Der 1969 im Blitztempo erbaute Österreichring (der solcherart den kurz danach eröffneten Salzburgring marginalisierte) war die damals schnellste Strecke der Welt, fast sechs Kilometer lang und mit rasanten, teils tückischen Berg-und-Tal-Passagen versehen. "Eine echte Herausforderung", gesteht auch Lauda und bringt es so auf den Punkt: "Der Grad zwischen Sieg und Tod war ein verdammt enger." Wie wahr. Im morgendlichen Warm-up zum Ö-GP 1975 verunglückte der Amerikaner Mark Donohue nach einem Reifenplatzer bei 300 km/h tödlich. Sein Penske-Ford überschlug sich mehrmals und zerschellte an einer Reklametafel.

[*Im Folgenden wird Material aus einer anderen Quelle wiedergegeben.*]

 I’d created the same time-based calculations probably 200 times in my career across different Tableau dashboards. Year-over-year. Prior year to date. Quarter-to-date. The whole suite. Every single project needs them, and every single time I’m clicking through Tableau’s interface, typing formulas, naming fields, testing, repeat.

»Der Grad zwischen Sieg und Tod war ein verdammt enger.«

"Dennoch, die ganze Atmosphäre des Österreichrings war so herrlich anders als das Umfeld am Nürburgring, in Silverstone oder in Anderstorp. Ein herrliches Panorama mit Kühen auf den Weiden und manchmal eigenartigen Menschen, mit denen man zu tun hatte. Ich erinnere mich beispielsweise an einen Rennleiter, dessen steirisches Englisch kein Mensch verstanden hat", blickt Lauda amüsiert zurück. Gewohnt haben die Fahrer damals in Gasthöfen oder waren privat untergebracht. Die meisten - ein blonder Haudegen namens James Hunt nämlich nicht. Der spätere Weltmeister zog es nämlich vor, in einem Zelt direkt an der Strecke des Ö-Rings zu campieren. Als er eines Tages spätnachts zu seinem Zelt wollte, war die Stecke bereits versperrt, was Hunt nicht weiter störte: Er brach das Schloss auf. Freilich bekam die örtliche Gendarmerie davon Kenntnis und setzte den Blondschopf kurzerhand in den Knast. Lauda musste ihn "äußerst mühsam aus dem Polizeigewahrsam befreien".

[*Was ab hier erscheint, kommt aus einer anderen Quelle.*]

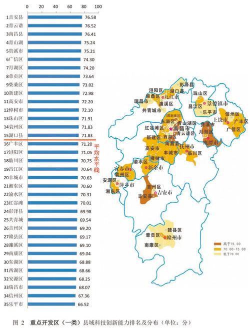依据江西省主体功能区规划及各县区产业发展等情况,《报告》对全省县(市、区)按重点开发区(35个)、农业主产区(33个)、重点生态区(32个)进行分类比较分析。重点开发区平均得分为71.34,农业主产区平均得分为69.25,重点生态区平均得分为70.03。吉安市吉安县、抚州市崇仁县、赣州市上犹县分别位列各类区域第一。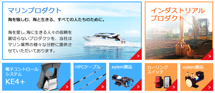 - 当社はマリーン・インダストリアル用コントロールシステムの総合メーカーです。メカニカル、油圧、エレクトロニクスを融合したリモートコントロールの総合システム開発を進め、“より良く、より安く”をモットーに製品を提供できる万全な体制や販売体制などでグローバル化を推進しています。

Auch Niki Lauda durchlebte bewegte Zeiten: zwei WM-Titel, beide auf Ferrari, dazwischen ein beinahe tödlicher Unfall auf dem Nürburgring, die Gründung einer eigenen Fluglinie und der Rücktritt 1979 mit dem bald geflügelten Wort: "Ich will nicht mehr im Kreis fahren." Sein damaliger Teamchef bei Brabham, Bernie Ecclestone, kann's nicht fassen.

Endlich der Heimsieg

Auch Lauda glaubte, nicht recht zu hören, als sich am 19. August 1984 auf dem Österreichring das Getriebe seines McLaren- Porsche mit lautem Knall verabschiedete und er in der Bosch-Kurve ausrollte. Zwei Jahre nach seinem Comeback war der erste Sieg beim Heim-Grand-Prix zum Greifen nahe gewesen: Alain Prost, sein größter Konkurrent, war bereits rausgeflogen, Nelson Piquet hatte er im Griff gehabt -und dann das. "Von da runter zu Start und Ziel zu hatschen, war mir aber zu weit", erklärt Lauda, warum er nicht aus dem Boliden gekraxelt sei, sondern im Getriebe "herumgestochert" und tatsächlich "den vierten und fünften Gang" gefunden habe. Sein Vorsprung war indes derart, dass er immer noch führte. Der knapp hinter ihm liegende Piquet wagte nicht, zu überholen, weil er dachte, der vor ihm herzockelnde Lauda wolle ihn mit einem Manöver in eine Falle locken. Das Unvorstellbare geschah: Lauda gewann nach 51 Runden. Bei der Siegerehrung auf dem Stockerl rückte er mit der Wahrheit heraus, "da ist dem Piquet fast die Lad' runtergefallen". Die beiden seien aber noch heute Freunde, versichert Lauda. "Wir telefonieren oft miteinander."

"Zeltweg 1984 war ein ganz besonderer Sieg in meiner Karriere." Wie wahr: Vier Rennen später war Niki Lauda zum dritten und letzten Mal Weltmeister.